WHAT NEEDS TO BE DONE:
Only the lines below from the one containing "wide serrated tips" through the last line should be set down, exactly as written and with no pictures.

───── ENTRIES SUPPLIED

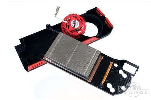 华硕HD5870采用公版的一体式涡轮散热设计,散热系统散热主体由涡轮风扇,铝质散热模块和热板组成,而且散热器的尾端有两个进风口与挡板的出风口形成风道。整个一体式散热器充分照顾到显示核心、显存和供电模块的散热需求。
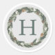 Elegant Green Grey Monogram Weihnachtskranz Runder Aufkleber
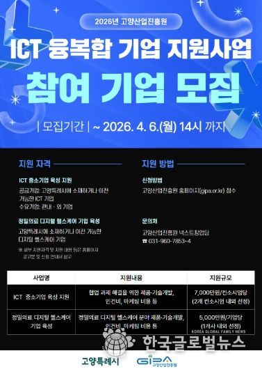(한국글로벌뉴스 - 박종욱 기자) 고양산업진흥원이 ‘2026 고양 ICT 융복합 지원사업’ 참여 기업을 모집한다.
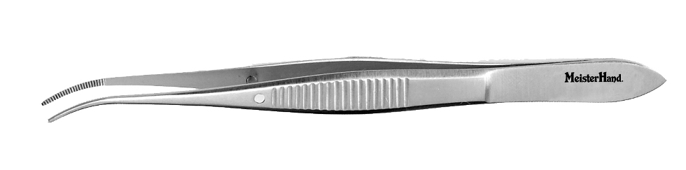 Eye Dressing Forceps, 4" (10.2 cm), half curved, standard pattern, 0.8 mm wide serrated tips
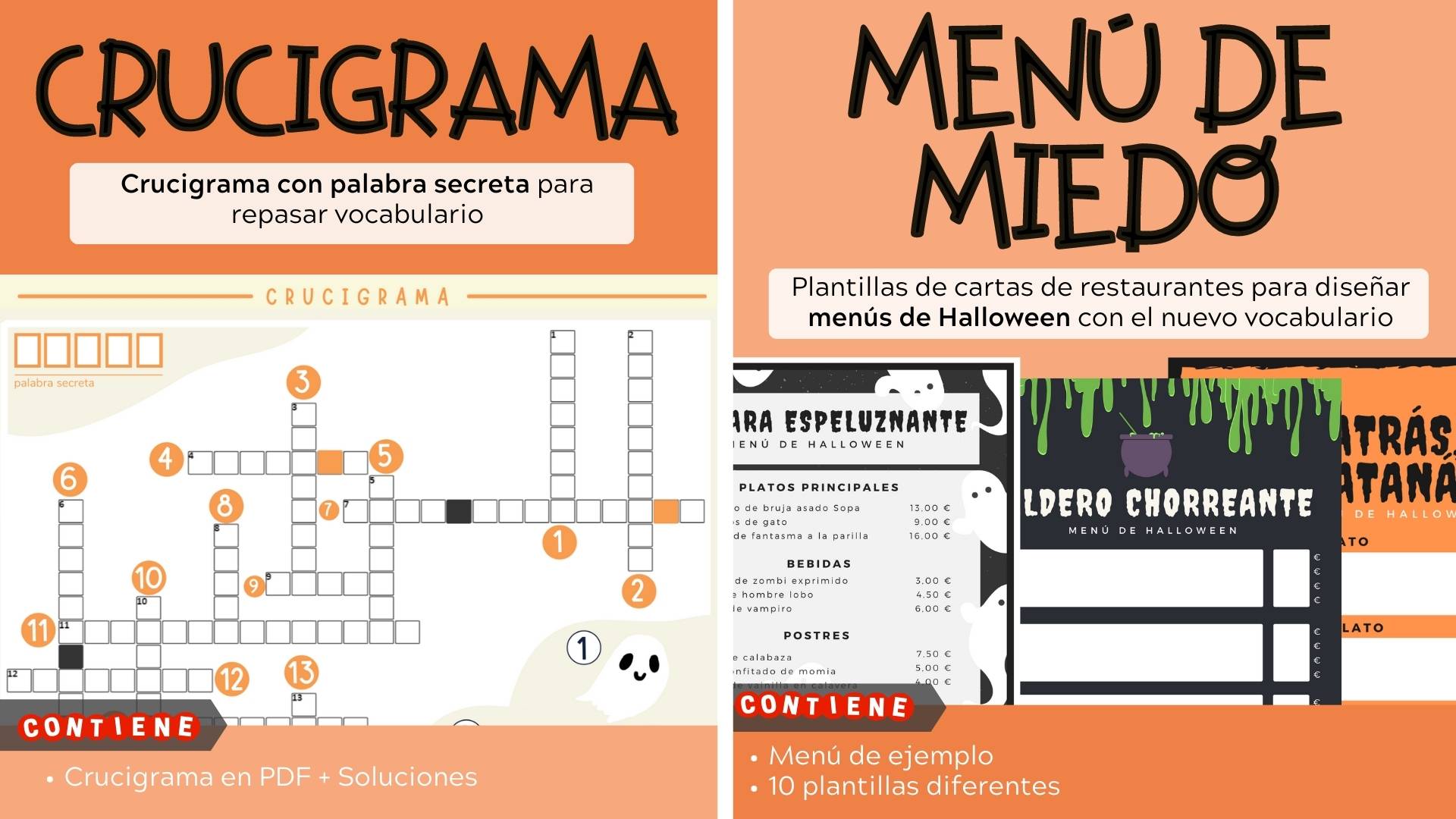 Crucigrama + Menú de miedo

──────────

WRITTEN ANSWER:
 Eye Dressing Forceps, 4" (10.2 cm), half curved, standard pattern, 0.8 mm wide serrated tips
 Crucigrama + Menú de miedo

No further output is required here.